### The data
◇ ◇ ◇ ◇
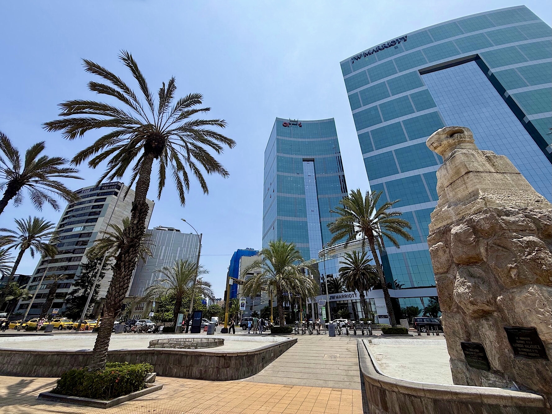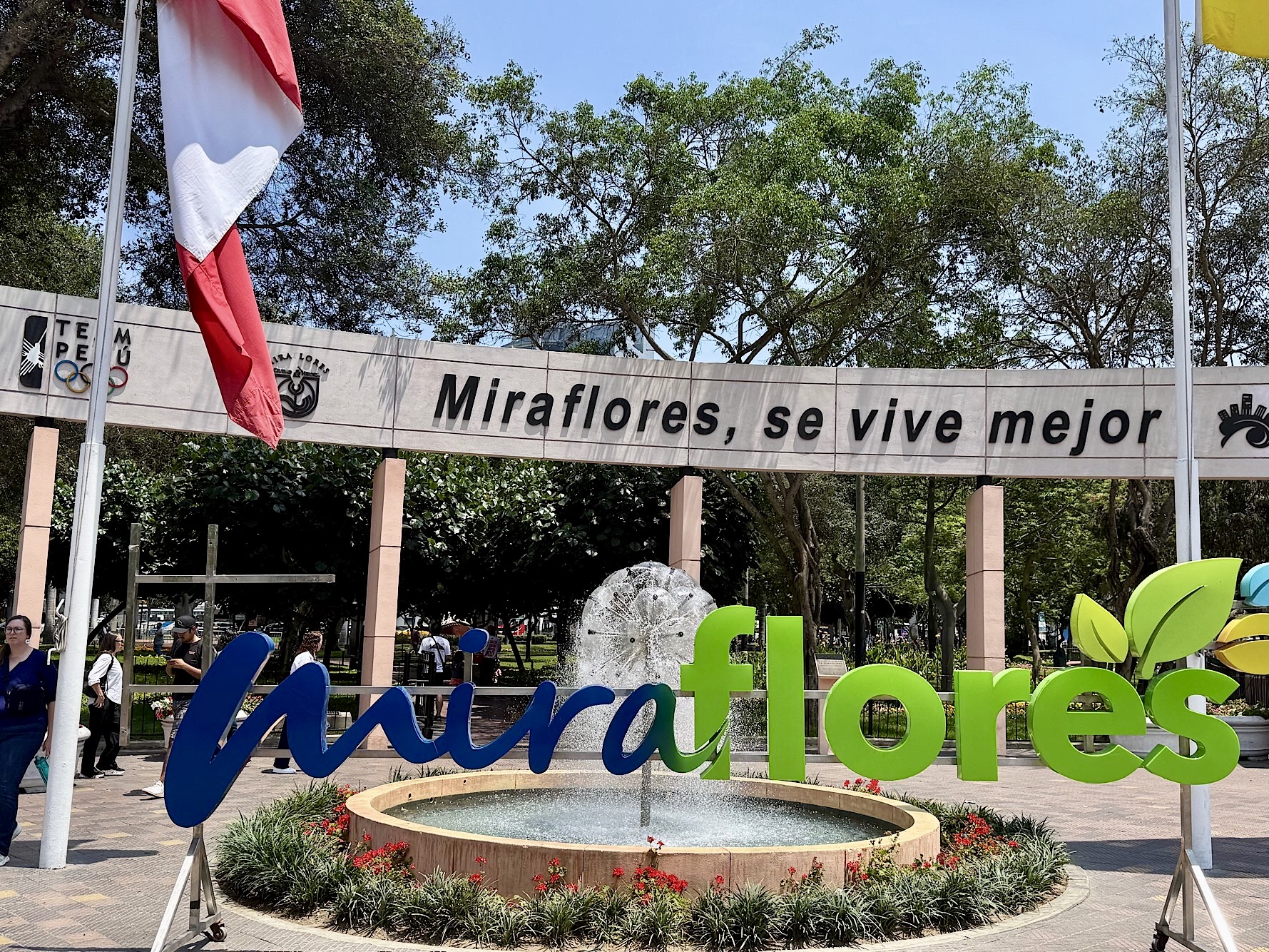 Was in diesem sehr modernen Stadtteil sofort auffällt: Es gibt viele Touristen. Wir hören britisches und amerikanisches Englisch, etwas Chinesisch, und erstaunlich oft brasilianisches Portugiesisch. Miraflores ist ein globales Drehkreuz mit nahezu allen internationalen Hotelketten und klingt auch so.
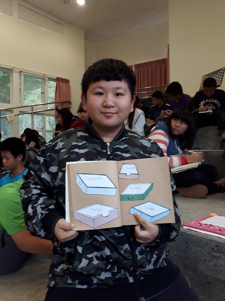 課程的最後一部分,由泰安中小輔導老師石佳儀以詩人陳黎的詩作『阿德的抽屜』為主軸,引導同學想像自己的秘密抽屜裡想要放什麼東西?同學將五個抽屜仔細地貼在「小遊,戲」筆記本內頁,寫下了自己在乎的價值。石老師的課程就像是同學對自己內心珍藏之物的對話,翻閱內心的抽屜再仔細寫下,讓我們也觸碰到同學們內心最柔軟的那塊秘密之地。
◇ ◇ ◇ ◇
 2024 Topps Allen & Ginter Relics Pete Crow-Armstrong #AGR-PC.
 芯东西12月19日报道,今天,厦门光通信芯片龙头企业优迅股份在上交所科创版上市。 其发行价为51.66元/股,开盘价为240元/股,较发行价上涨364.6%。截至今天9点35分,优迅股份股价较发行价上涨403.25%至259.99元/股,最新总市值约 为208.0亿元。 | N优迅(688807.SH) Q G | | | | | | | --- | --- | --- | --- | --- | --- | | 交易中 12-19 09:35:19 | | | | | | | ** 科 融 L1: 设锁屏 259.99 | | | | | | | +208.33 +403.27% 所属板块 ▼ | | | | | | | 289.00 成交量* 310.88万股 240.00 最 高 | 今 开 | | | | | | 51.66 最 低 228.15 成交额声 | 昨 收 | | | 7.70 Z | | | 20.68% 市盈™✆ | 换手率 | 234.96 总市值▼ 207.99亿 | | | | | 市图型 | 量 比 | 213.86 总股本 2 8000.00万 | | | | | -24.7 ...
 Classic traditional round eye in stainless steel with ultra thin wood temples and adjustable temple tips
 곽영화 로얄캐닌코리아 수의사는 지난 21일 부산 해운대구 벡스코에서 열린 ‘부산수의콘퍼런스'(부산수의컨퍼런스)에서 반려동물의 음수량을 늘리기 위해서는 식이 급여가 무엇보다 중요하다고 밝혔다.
◇ ◇ ◇ ◇
### Exercise prompt
What you need to produce is an exact copy of the entries above, limited to the lines from the one with "Was in diesem" up to and including the one with "課程的最後一部分,由泰安中小", without pictures.

### Task answer
 Was in diesem sehr modernen Stadtteil sofort auffällt: Es gibt viele Touristen. Wir hören britisches und amerikanisches Englisch, etwas Chinesisch, und erstaunlich oft brasilianisches Portugiesisch. Miraflores ist ein globales Drehkreuz mit nahezu allen internationalen Hotelketten und klingt auch so.
 課程的最後一部分,由泰安中小輔導老師石佳儀以詩人陳黎的詩作『阿德的抽屜』為主軸,引導同學想像自己的秘密抽屜裡想要放什麼東西?同學將五個抽屜仔細地貼在「小遊,戲」筆記本內頁,寫下了自己在乎的價值。石老師的課程就像是同學對自己內心珍藏之物的對話,翻閱內心的抽屜再仔細寫下,讓我們也觸碰到同學們內心最柔軟的那塊秘密之地。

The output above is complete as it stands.